Second. The plaintiff testified that Whitlock never paid any of the membership dues or provided her and her husband with any of the necessities expressed as a part of the consideration of the contract of assignment. She also stated, over objection of defendant's counsel, that the appellant never paid her the $500.00 referred to in the contract as having been advanced by him to her. It is contended that this was error for the reason that the plaintiff acknowledged receipt of payment of this sum of money, and that her testimony, therefore, was directly opposed to the terms of the written assignment.
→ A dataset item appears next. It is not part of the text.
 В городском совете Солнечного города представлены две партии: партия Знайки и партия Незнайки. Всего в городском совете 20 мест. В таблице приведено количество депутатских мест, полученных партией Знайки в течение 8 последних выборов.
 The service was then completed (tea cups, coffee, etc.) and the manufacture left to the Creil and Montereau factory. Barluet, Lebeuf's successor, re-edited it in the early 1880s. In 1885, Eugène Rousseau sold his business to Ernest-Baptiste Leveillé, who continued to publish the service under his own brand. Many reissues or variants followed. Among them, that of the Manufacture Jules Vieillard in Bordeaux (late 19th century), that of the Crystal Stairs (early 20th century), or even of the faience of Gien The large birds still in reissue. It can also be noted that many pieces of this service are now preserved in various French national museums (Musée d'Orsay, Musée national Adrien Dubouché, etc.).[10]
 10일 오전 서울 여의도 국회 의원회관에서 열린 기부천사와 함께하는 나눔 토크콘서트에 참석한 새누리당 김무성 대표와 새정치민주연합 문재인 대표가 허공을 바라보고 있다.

We think the testimony was properly admitted. The general rule is that the recitals of a written instrument with respect to the consideration are not conclusive, and this applies to an assignment and a want or failure of consideration either in whole or in part, may be shown by parol testimony. Of course, this cannot be done where the consideration is contractual in its nature. This rule likewise applies to a receipt. If the receipt is a mere recital or admission of money paid, it may be shown by extrinsic evidence that the money was not as a matter of fact paid; but in so far as a receipt embodies the elements of a contract, the parol evidence rule is applicable.

In the case at bar, the defendant offered testimony to establish the allegations of his answer that he had performed in all respects the written agreement, which included the alleged advance payment by him to the plaintiff of $500.00. The plaintiff sought to show that he had failed to do this. *Page 293 It is true that she had acknowledged in the written assignment that she had been paid this money; but this was not, as we have said, conclusive but was a mere admission or recital of such payment that could be contradicted by parol testimony. A proper analysis of the written contract leads to this conclusion.
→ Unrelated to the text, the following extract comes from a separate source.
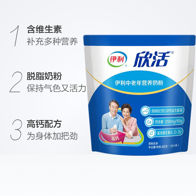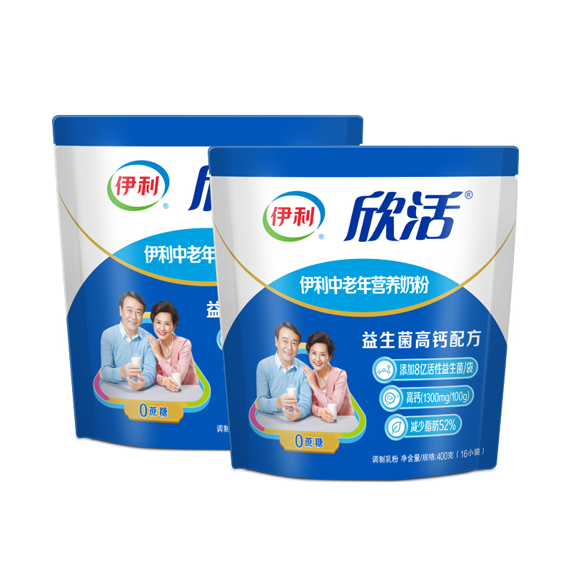 伊利奶粉欣活中老年营养高钙0蔗糖成人中年老年人益生菌早餐牛奶

Third. When R.R. Whitlock, a witness for the defendant, was on the stand, he was asked on direct examination if he knew anything about the attempted assignment of the beneficiary certificate, and he stated that he did; that his father "showed it to me and-told me." At this point counsel for the plaintiff objected on the ground that it was a self-serving declaration. The Court then observed, "I don't know what it is going to be by his statement"; and the witness responded, "I was going to say what was on the policy." The trial Judge thereupon ruled that anything that the witness might have found written on papers in the possession of the defendant would be inadmissible. It is argued that this was error for the reason that "it being a written instrument, merely in defendant's custody, it could not have been a self-serving declaration."

We cannot say, from what appears in the record, whether the witness was about to testify to a declaration that was self-serving or not. Nor can we say that the exclusion of the testimony did the defendant any harm. We do say, however, if there was anything written on the policy which the appellant desired the Court and the jury to know, the writing was the best evidence. It does not appear that the defendant offered to produce the certificate or gave any reason at the trial why he could not do so. This assignment of error is without merit.

The exceptions are overruled and the judgment of the Court below is affirmed.

MESSRS. JUSTICES CARTER, BONHAM and FISHBURNE concur.